(Extracted records)
——————
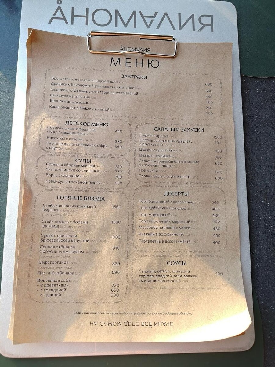 Меню в «Аномалии» выглядит уверенно: всё привычное, но с акцентом на понятную гастрономию — драники, сырники, шакшука, фермерский творог
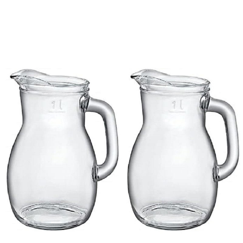 cosedacasa vi propone il set da 2 brocche Bistrot da 1 litro in vetro trasparente, eleganti e capienti, dotate di linea di taratura MID per un servizio preciso di acqua, vino e bevande. Ideali per casa e ristorazione.
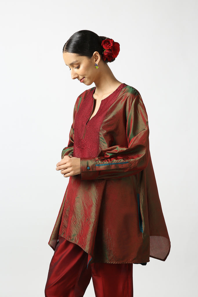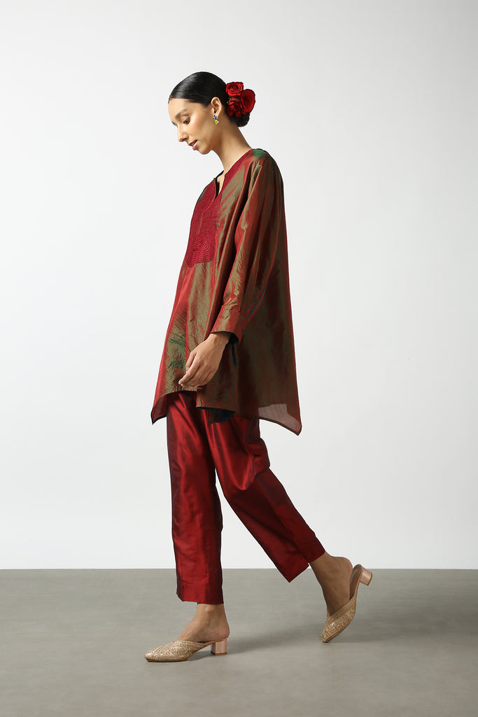 Dream of looking alluring, mystical, and runway ready? Make every entry of yours a showstopper moment with this stunning two-tone raw silk short phiran top in sea green, detailed with hand embroidery.
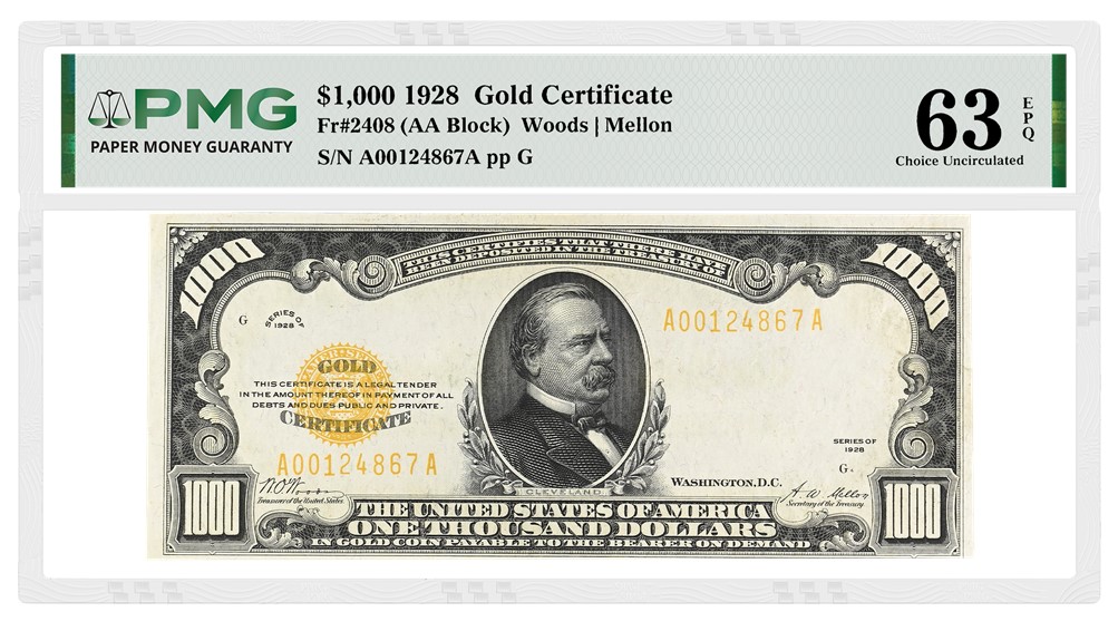 Adding to the excitement are more Gold Certificates from the 1928 series: a $500 Gold Certificate graded PMG 65 Gem Uncirculated EPQ (lot 7058), with an estimate of $150,000 to $250,000, and a $1,000 Gold Certificate graded PMG 63 Choice Uncirculated EPQ (lot 7059), with an estimate of $100,000 to $150,000. Within the same Series of 1928, the $500 and $1,000 Gold Certificates represent the highest denominations of gold-backed paper money ever intended for public circulation.
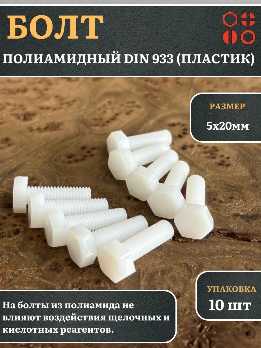 Болт полиамидный 5х20 мм DIN 933 (пластик), 4 шт. бп520933ф4 1 шт.
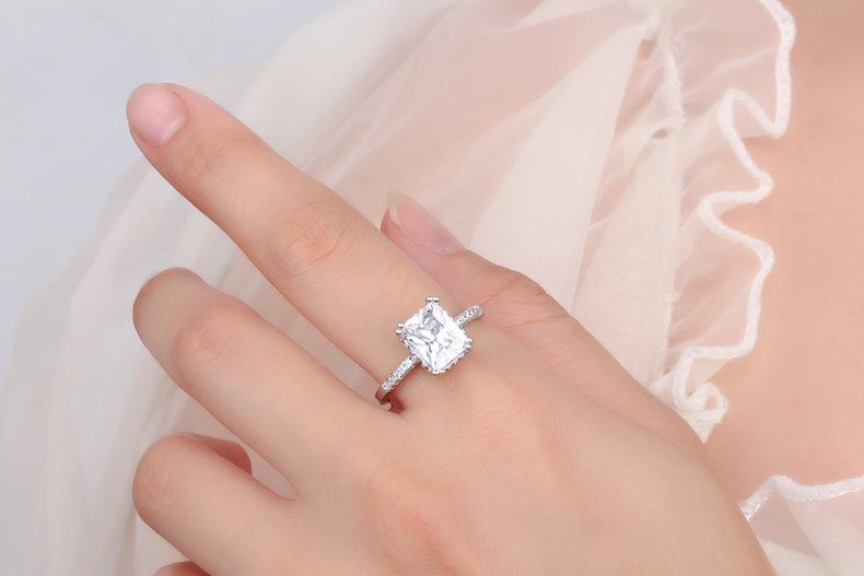 Anillo de moissanita de 3 quilates con diseño de princesa americana, estilo transfronterizo de Europa y Estados Unidos, con apertura de doble garra, pulsera al por mayor
——————
— TASK DETAILS —
Pictures are not part of the copy. Extract exactly the lines from the line containing "cosedacasa vi propone" through the final line of the entries above, both included.

— SOLUTION FOR THIS EXERCISE —
 cosedacasa vi propone il set da 2 brocche Bistrot da 1 litro in vetro trasparente, eleganti e capienti, dotate di linea di taratura MID per un servizio preciso di acqua, vino e bevande. Ideali per casa e ristorazione.
 Dream of looking alluring, mystical, and runway ready? Make every entry of yours a showstopper moment with this stunning two-tone raw silk short phiran top in sea green, detailed with hand embroidery.
 Adding to the excitement are more Gold Certificates from the 1928 series: a $500 Gold Certificate graded PMG 65 Gem Uncirculated EPQ (lot 7058), with an estimate of $150,000 to $250,000, and a $1,000 Gold Certificate graded PMG 63 Choice Uncirculated EPQ (lot 7059), with an estimate of $100,000 to $150,000. Within the same Series of 1928, the $500 and $1,000 Gold Certificates represent the highest denominations of gold-backed paper money ever intended for public circulation.
 Болт полиамидный 5х20 мм DIN 933 (пластик), 4 шт. бп520933ф4 1 шт.
 Anillo de moissanita de 3 quilates con diseño de princesa americana, estilo transfronterizo de Europa y Estados Unidos, con apertura de doble garra, pulsera al por mayor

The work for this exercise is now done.